▶ [Exercise brief]:
Look through the listing below for the line with "Solid Patchwork Round" and the line with "[in stock Now". Copy both, along with every line between them, exactly and with no pictures.

▶ [Provided information]:

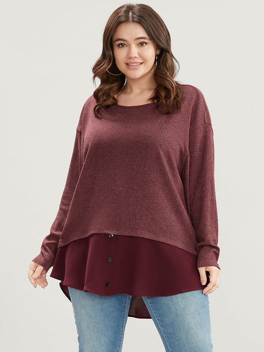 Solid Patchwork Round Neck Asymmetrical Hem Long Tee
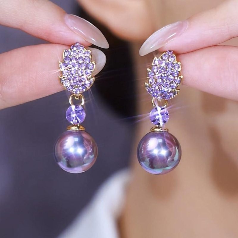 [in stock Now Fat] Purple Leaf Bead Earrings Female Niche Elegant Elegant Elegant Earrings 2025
--
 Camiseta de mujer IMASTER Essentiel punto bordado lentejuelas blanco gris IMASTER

▶ [Output for this task]:
 Solid Patchwork Round Neck Asymmetrical Hem Long Tee
 [in stock Now Fat] Purple Leaf Bead Earrings Female Niche Elegant Elegant Elegant Earrings 2025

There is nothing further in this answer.